On terms of achievements, there is quite a few things I am proud of. I finished my GCSES with all A*-C grades, I completed my A Levels with A-C grades & I’ve got a foundation diploma in Art & Design. For someone who hated college and made every excuse possible not to go, I am so proud that I achieved what I wanted to achieve. Although I decided against uni and completely changed my mind on my career half way through the course (you can read about that here) I stuck it out and finished it and I am definitely proud of that.
My career was always my number one priority so coming to a dead end and having no idea what I wanted to do really hit me hard. However, I now have the chance to find myself properly and follow my passions. For example digital drawings, I don’t know where I want to go with it, I just know I love doing them. Makeup, I’ve always had a passion for makeup and would absolutely love to do a makeup course but with both things its a case of sucking it up and growing the balls to put myself out there, which I’m still learning to do.
Another thing I’m proud of is my blog. I love having my own little space on the internet where I can ramble about whatever the hell I like. I’ve had some amazing opportunities through my blog, which I never dreamed of getting. I’ve travelled up the country to meet people I’ve never ever met before, that’s something else I’m proud of! Some of the girls I’ve met through blogging are now some of my best friends and I don’t know what I’d do without them.
My health has been up and down a lot this year resulting in me not being able to drive.

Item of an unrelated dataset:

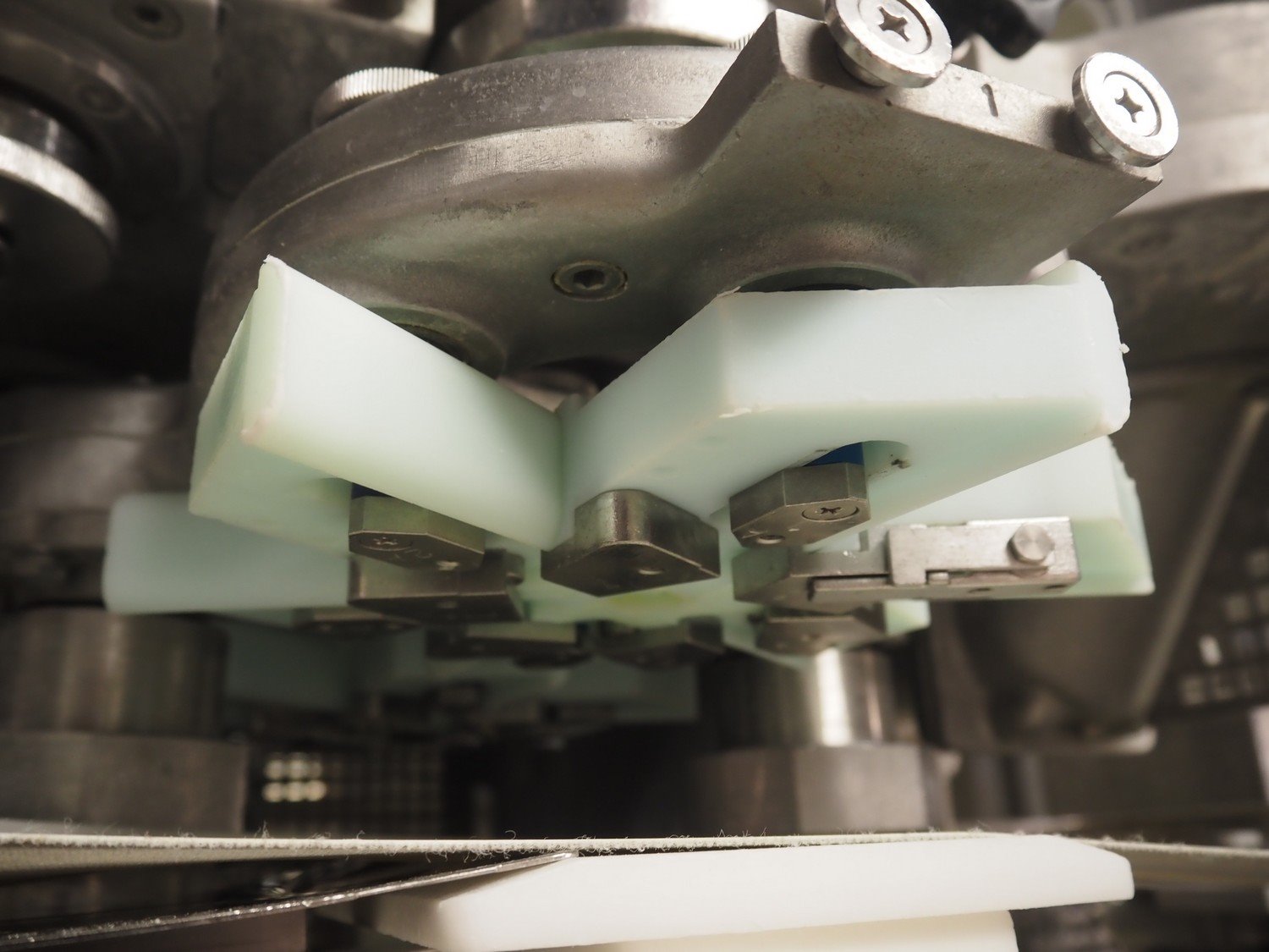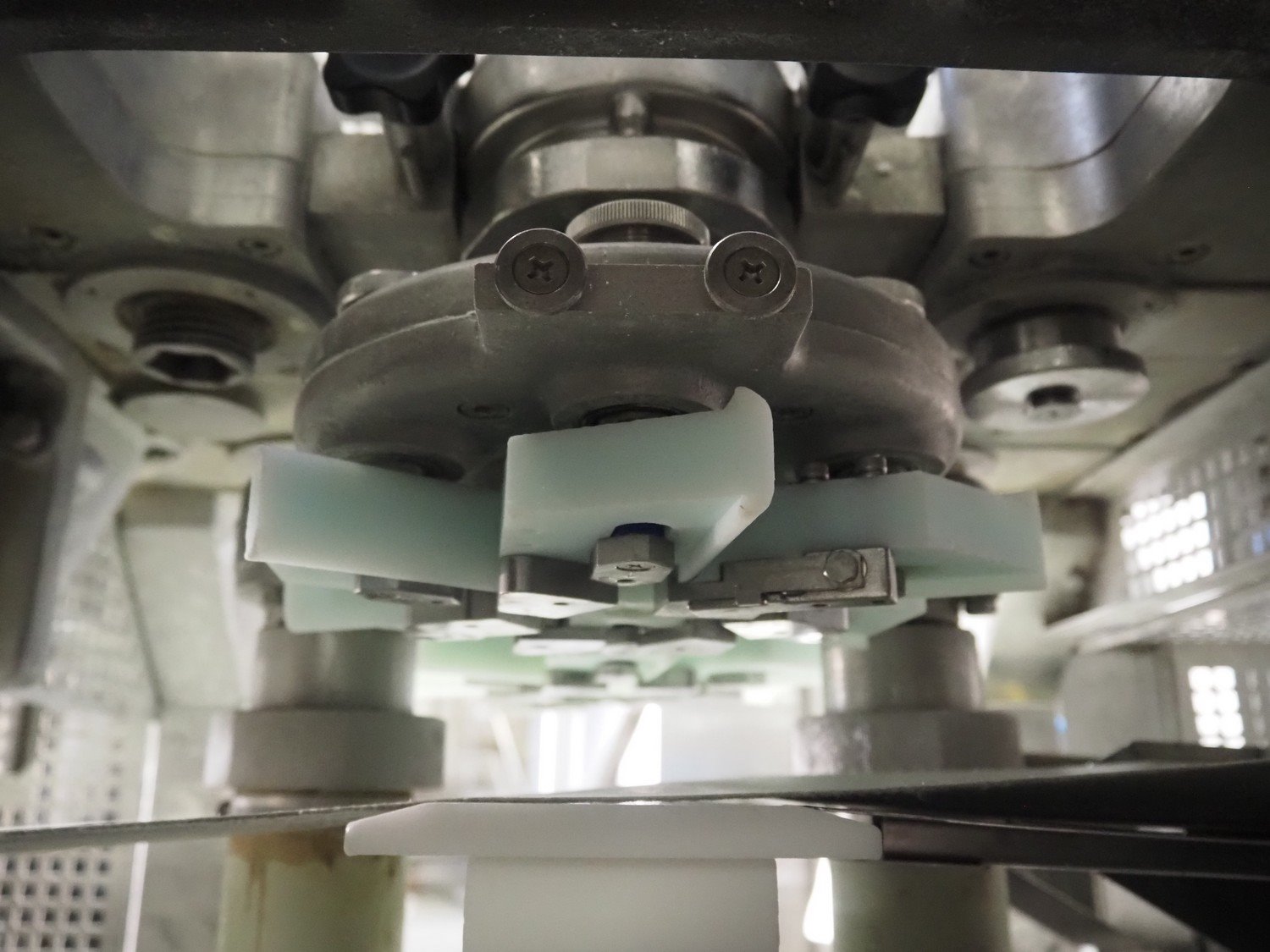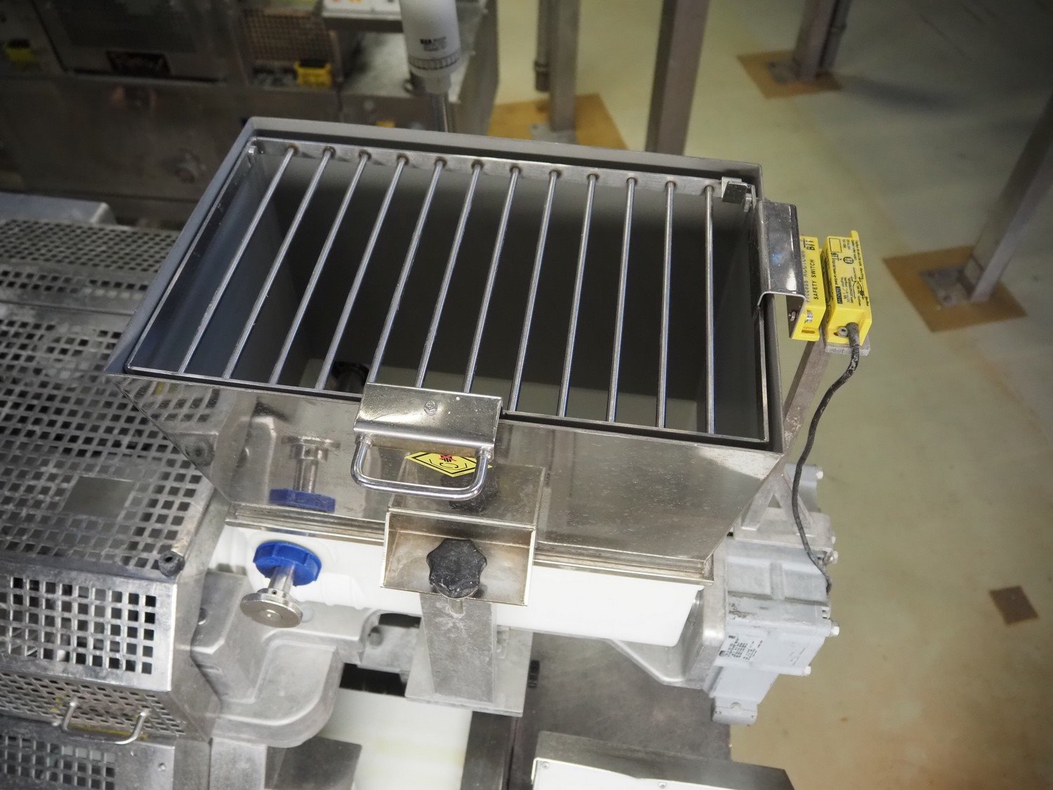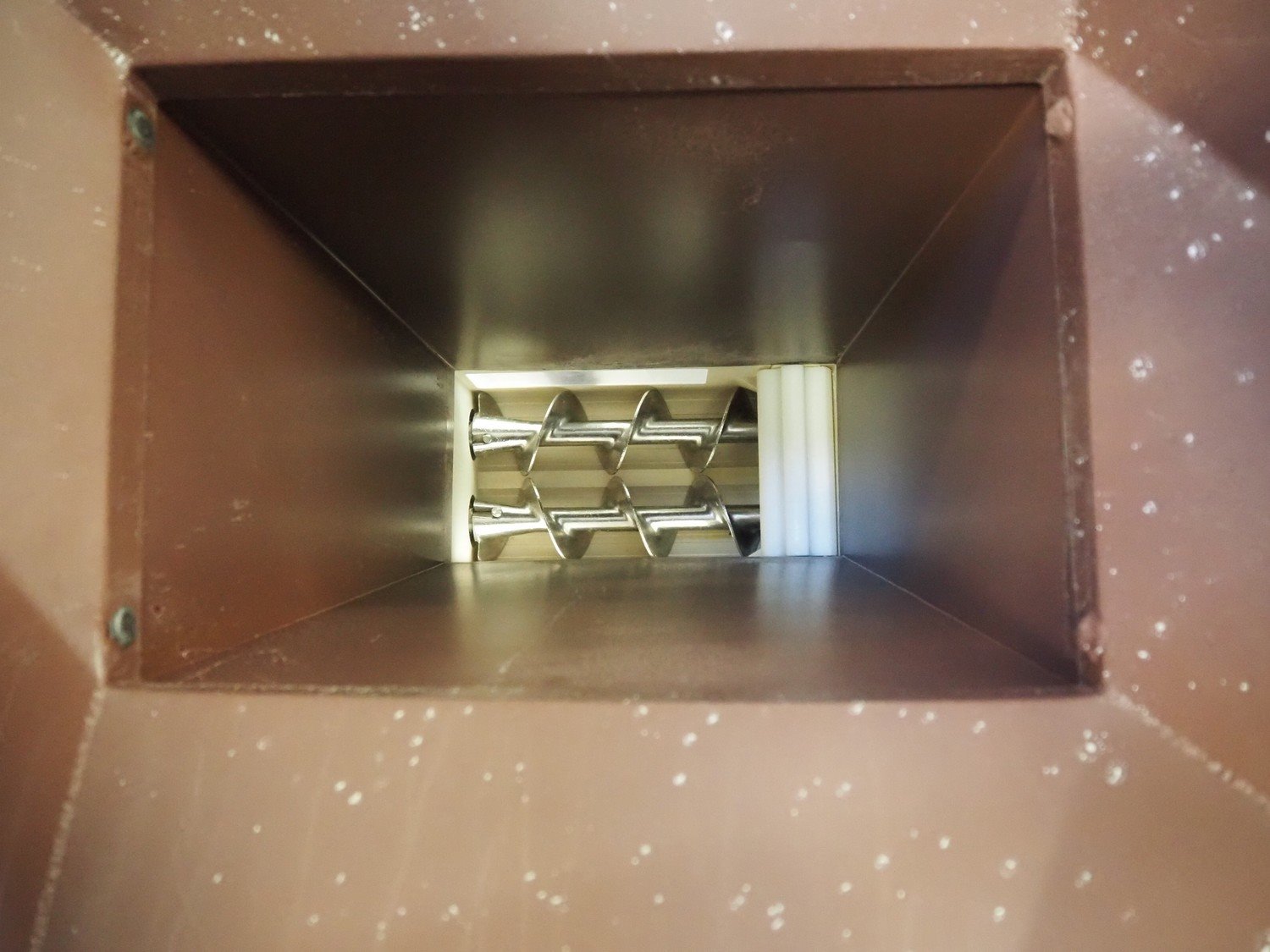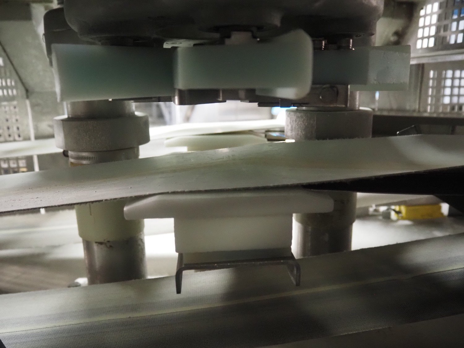 Rheon double lane encrusting machine with flour covering device, model encrusting machine: WN055, serial number: 125, year of construction: sep. 2006, 380 V, 3 Ph, 50/60 Hz, 11.3 A, 4.3 kW, plastic belt, belt width: (2x) 130 mm, total dimensions: 1700 mm x 1000 mm x 2750 mm, model flour covering device: DU220, serial number: 220, year of construction: oct. 2008, 200 V, 3 Ph, 50 Hz, 2.6 A, 0.28 kW, plastic belt, belt width: (2x) 100 mm, total dimensions: 1600 mm x 900 mm x 1750 mm. Kavel locatie: Schultetusstraße 37, 17153 Stavenhagen, Duitsland

So I haven’t achieved that goal yet, but I will one day. This also taught me to be spontaneous with things, you never know what is around the corner so just suck it up and do it! You’ll only regret it if you don’t.
I’ve travelled, I’ve been to places I’ve always wanted to go. I’ve been able to buy things I’ve always dreamed of owning, I’ve pushed myself out of my comfort zone, I’ve tried new things, I’ve learnt new techniques, I’ve made new friends and I’m the happiest I’ve ever been! If being 20 is going to be half as good as being 19 was, then bring it on!